Like my dream game is about a dragon who lives in a world of dragons. Nothing much really happens, because I don't know how to do any walk cycles or anything, so it'd just be static drawings of dragons. Anyway, they talk a lot and fuck a lot, and it sounds quite boring, but thats ok because they're dragons and inherently cool.

FUCK YEAH! DRAGONS! FUCKING!


----------



## DragonLover17 (May 29, 2010)

Voidrunners said:


> I've always thought that what games need is more dragons.
> 
> Like my dream game is about a dragon who lives in a world of dragons. Nothing much really happens, because I don't know how to do any walk cycles or anything, so it'd just be static drawings of dragons. Anyway, they talk a lot and fuck a lot, and it sounds quite boring, but thats ok because they're dragons and inherently cool.
> 
> FUCK YEAH! DRAGONS! FUCKING!


 no kidding you should see some of the stuff in my favs just click on the little paw under my name  id most likely creat a game with dragons mateing in it if i do become a designer i hope youd help with that


----------



## Smelge (May 29, 2010)

DragonLover17 said:


> no kidding you should see some of the stuff in my favs just click on the little paw under my name  id most likely creat a game with dragons mateing in it if i do become a designer i hope youd help with that



Oh yes, there is nothing more hot than dragons dicking things to death. We could make a little minigame where you're a small yet sexually active dragon, and there's dragon dicks coming at you from every direction, and you need to either dodge, suck or go ass-up. That would be totally hot and it has dragons and dragon dicks. I FUCKING LOVE DRAGONS DUED


----------



## Smelge (May 29, 2010)

To the OP, you need to learn about sarcasm. It gets used quite a lot around here.

Incidentally:



> so if there was a horny male dragon in front of you and he was asking  you to suck his dick would you do it



Not a good thing to PM to people, OP. Shame on you.


----------



## GraemeLion (May 29, 2010)

As a software engineer.. in the real world.. let me explain something.

If you hate video games.. then you might be a good coder for them.  If you like them, and you start coding for them, you'll end up hating them.  The average game programmer is in a career where anyone can get in.  You don't design as a coder, you just do what the fuck you're told to do.  Your mission one week might be to implement a score class that can be used as a base class for everyone else in the company's projects.  Your next mission might be to write unit tests on collision detection code.  The next week might have you debugging into the load/save file format.  
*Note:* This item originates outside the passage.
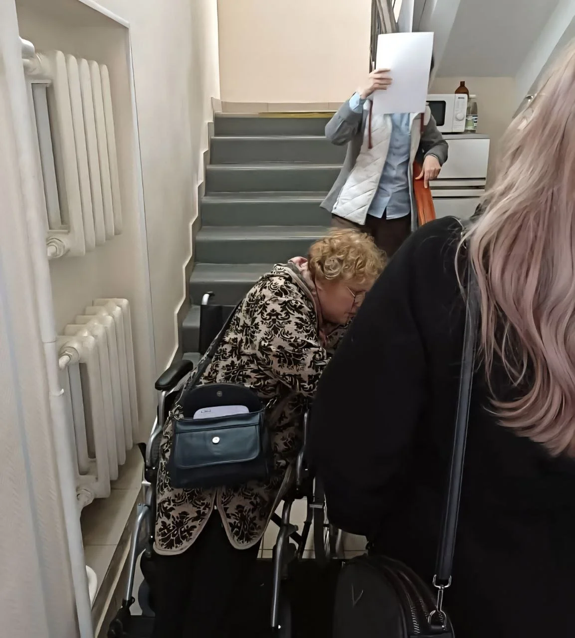 В судебном участке началась суматоха, выбежали все: сотрудники и посетители. Попросили подождать — вызывали специалиста. Пока ждали, одна из сотрудниц суда ничего нового не смогла придумать и тоже предложила, чтобы Осипову занесли на коляске. Она снова ответила отказом.

You're not going to play games.  You're going to be working on the deep logic and mathematics behind games, but it'd be like hanging up a picture while the house gets built around you.  You don't get a say.  You don't get creativity.  You get long hours, painful nights, POSSIBLY a line in the credits (but likely not, as most lower levels don't get that.)   After about five to seven years, you'll get to put the Senior on your title, if you're good, and you've been with the company that long.

For this job, you'll require at least a Bachelor of Sciences in computer science or something similar, and probably a few years test experience.  That's right, most gamedevs start out in the test lab, where you don't play games, you play a single part of a game 3000 times in one day, to detect any bugs/glitches/etc.  And then you have paperwork, oh the paperwork.  You will be required to be knowledgeable in mathematics at least through first year calculus.  
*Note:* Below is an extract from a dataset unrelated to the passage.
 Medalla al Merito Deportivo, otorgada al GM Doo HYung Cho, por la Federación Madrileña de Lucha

Your life will be mandatory overtime, and due to federal laws exempting coders from mandatory overtime, you won't get paid for it.  You'll get salary, and possibly three weeks of vacation, but likely two weeks.  You'll struggle to find when to take it, and you'll likely choose december.  But, of course, your company will have stuff going gold towards the end of November for the Christmas rush, so September through November will be black out dates.

This is a job.  And it can be fun, if you like it.. but it's also a job where there are thousands of kids just like you who want to do it.  They'll do it for lower prices on average, and then they'll burn out.  Instead of promotion, often times, they just lay off a team and hire a whole new one.

That's what GameDev is, in the real world.  Still got the stones for it?


----------



## Smelge (May 29, 2010)

GraemeLion said:


> As a software engineer.. in the real world.. let me explain something.
> 
> If you hate video games.. then you might be a good coder for them.  If you like them, and you start coding for them, you'll end up hating them.  The average game programmer is in a career where anyone can get in.  You don't design as a coder, you just do what the fuck you're told to do.  Your mission one week might be to implement a score class that can be used as a base class for everyone else in the company's projects.  Your next mission might be to write unit tests on collision detection code.  The next week might have you debugging into the load/save file format.
> 
> ...



So no dragons then?


----------



## GraemeLion (May 29, 2010)

Voidrunners said:


> So no dragons then?



*laughs*


----------



## sunandshadow (May 29, 2010)

Flash is a nice language to know if you want to work on smaller game projects - hobby projects or your own ideas, 2d webgames.  I worked with a flash programmer recently on a game I was creating the art for and I was amazed how much faster it was to make the game's features than it had been doing basically the same thing with C++.


----------



## DragonLover17 (May 29, 2010)

GraemeLion said:


> As a software engineer.. in the real world.. let me explain something.
> 
> If you hate video games.. then you might be a good coder for them. If you like them, and you start coding for them, you'll end up hating them. The average game programmer is in a career where anyone can get in. You don't design as a coder, you just do what the fuck you're told to do. Your mission one week might be to implement a score class that can be used as a base class for everyone else in the company's projects. Your next mission might be to write unit tests on collision detection code. The next week might have you debugging into the load/save file format.
> 
> ...


hey if i make my own game design company i get to do what i want  and from the way you say things you sound as if you know exactly
what it takes


----------



## GraemeLion (May 29, 2010)

DragonLover17 said:


> hey if i make my own game design company i get to do what i want  and from the way you say things you sound as if you know exactly
> what it takes



And where will you get the money to make your own company?


----------



## DragonLover17 (May 29, 2010)

GraemeLion said:


> And where will you get the money to make your own company?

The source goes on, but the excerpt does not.